■ DATA TO PROCESS ■
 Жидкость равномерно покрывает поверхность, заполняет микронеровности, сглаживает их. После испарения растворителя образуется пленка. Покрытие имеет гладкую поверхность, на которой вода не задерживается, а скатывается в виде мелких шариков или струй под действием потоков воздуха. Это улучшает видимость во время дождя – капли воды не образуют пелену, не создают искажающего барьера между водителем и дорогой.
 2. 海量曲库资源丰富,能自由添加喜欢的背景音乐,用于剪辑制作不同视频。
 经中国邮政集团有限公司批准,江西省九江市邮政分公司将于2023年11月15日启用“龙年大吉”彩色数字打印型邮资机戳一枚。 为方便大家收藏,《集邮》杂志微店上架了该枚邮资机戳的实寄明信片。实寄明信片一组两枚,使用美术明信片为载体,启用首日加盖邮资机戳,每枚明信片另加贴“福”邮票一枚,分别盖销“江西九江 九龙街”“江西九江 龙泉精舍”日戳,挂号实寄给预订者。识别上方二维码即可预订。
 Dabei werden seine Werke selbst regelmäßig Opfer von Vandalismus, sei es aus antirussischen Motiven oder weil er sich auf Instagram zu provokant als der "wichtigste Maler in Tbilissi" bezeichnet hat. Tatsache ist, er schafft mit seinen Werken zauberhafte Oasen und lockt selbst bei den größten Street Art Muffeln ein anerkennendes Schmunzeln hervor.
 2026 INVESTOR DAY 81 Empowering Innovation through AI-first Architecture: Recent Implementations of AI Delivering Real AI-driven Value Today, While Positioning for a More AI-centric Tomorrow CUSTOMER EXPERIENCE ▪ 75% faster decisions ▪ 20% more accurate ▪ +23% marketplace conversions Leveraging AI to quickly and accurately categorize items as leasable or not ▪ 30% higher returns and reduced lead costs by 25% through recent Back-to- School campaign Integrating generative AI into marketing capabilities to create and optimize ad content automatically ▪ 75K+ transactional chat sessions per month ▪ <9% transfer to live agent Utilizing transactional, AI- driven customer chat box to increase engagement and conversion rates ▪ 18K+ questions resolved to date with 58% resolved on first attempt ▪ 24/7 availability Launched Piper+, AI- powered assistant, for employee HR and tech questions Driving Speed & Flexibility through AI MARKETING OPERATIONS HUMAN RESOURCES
* * *
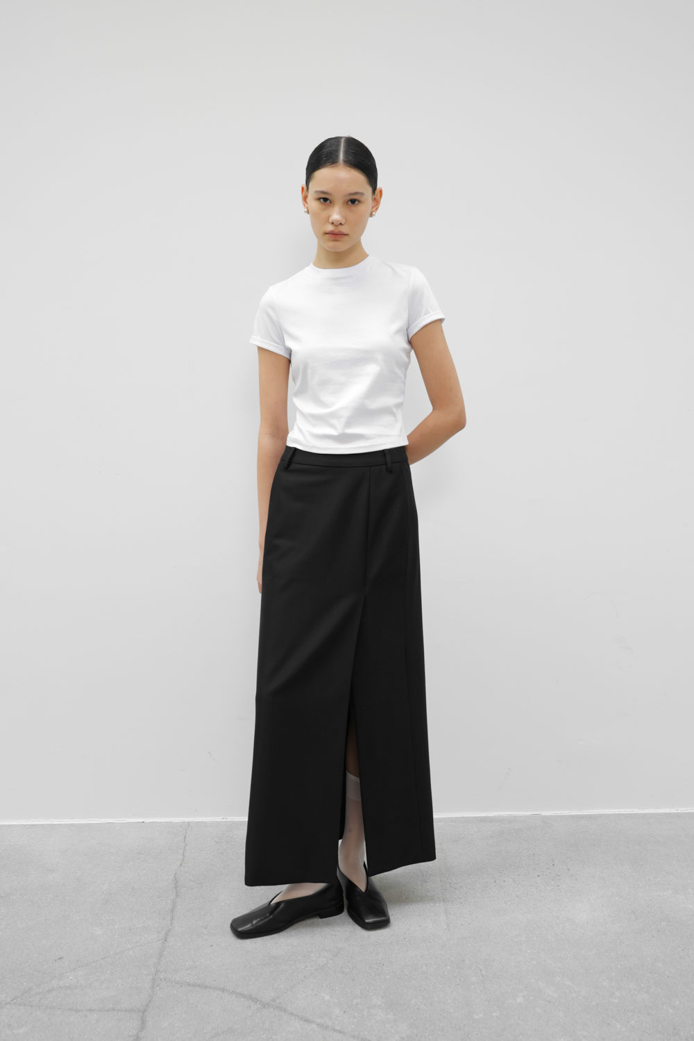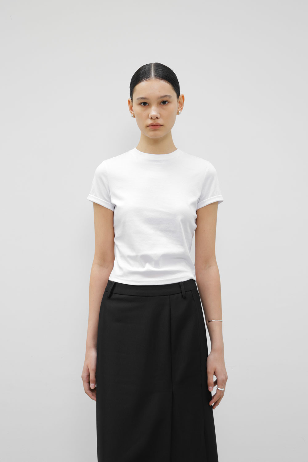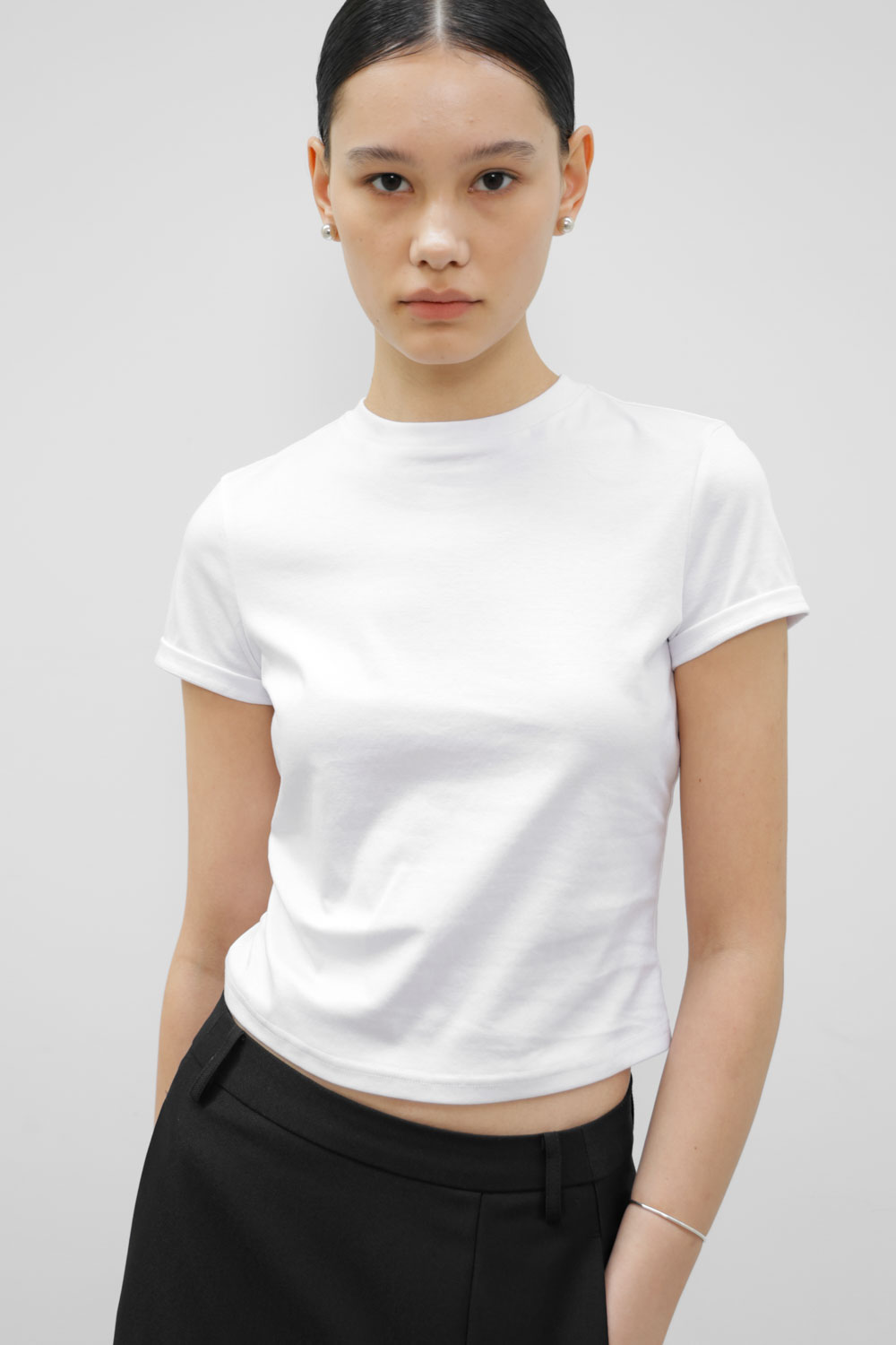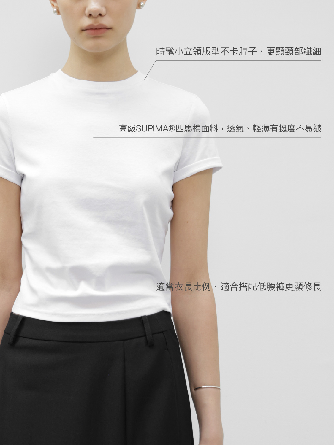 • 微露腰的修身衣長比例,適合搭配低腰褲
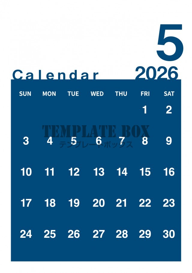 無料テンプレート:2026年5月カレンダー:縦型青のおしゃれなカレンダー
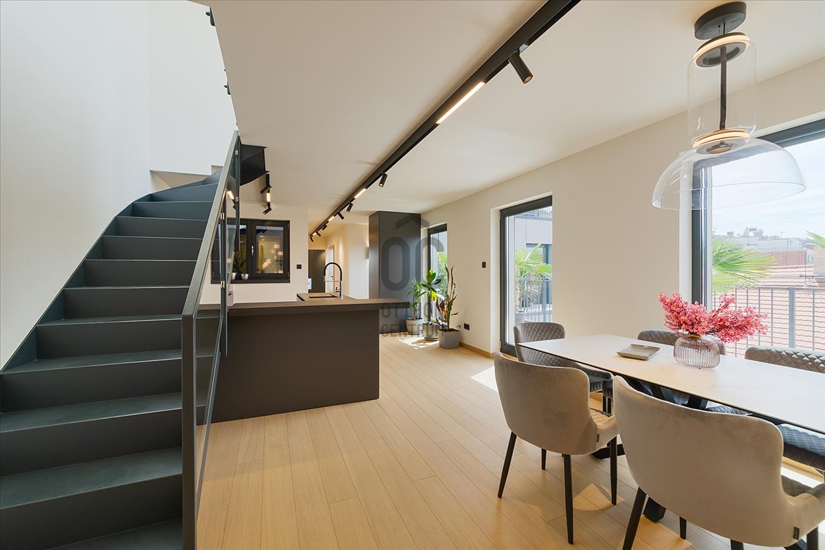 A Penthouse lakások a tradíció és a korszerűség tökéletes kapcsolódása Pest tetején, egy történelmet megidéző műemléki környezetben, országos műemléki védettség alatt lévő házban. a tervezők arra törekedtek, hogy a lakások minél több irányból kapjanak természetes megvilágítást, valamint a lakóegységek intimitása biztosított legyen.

■ WHAT THIS TASK INVOLVES ■
From the data above, return every line from the line that has "Жидкость равномерно покрывает" up to and including the line that has "2. 海量曲库资源丰富,能自由添加喜欢的背景音乐,用于剪辑制作不同视频。", exactly.

■ ANSWER FOR THE TASK ■
 Жидкость равномерно покрывает поверхность, заполняет микронеровности, сглаживает их. После испарения растворителя образуется пленка. Покрытие имеет гладкую поверхность, на которой вода не задерживается, а скатывается в виде мелких шариков или струй под действием потоков воздуха. Это улучшает видимость во время дождя – капли воды не образуют пелену, не создают искажающего барьера между водителем и дорогой.
 2. 海量曲库资源丰富,能自由添加喜欢的背景音乐,用于剪辑制作不同视频。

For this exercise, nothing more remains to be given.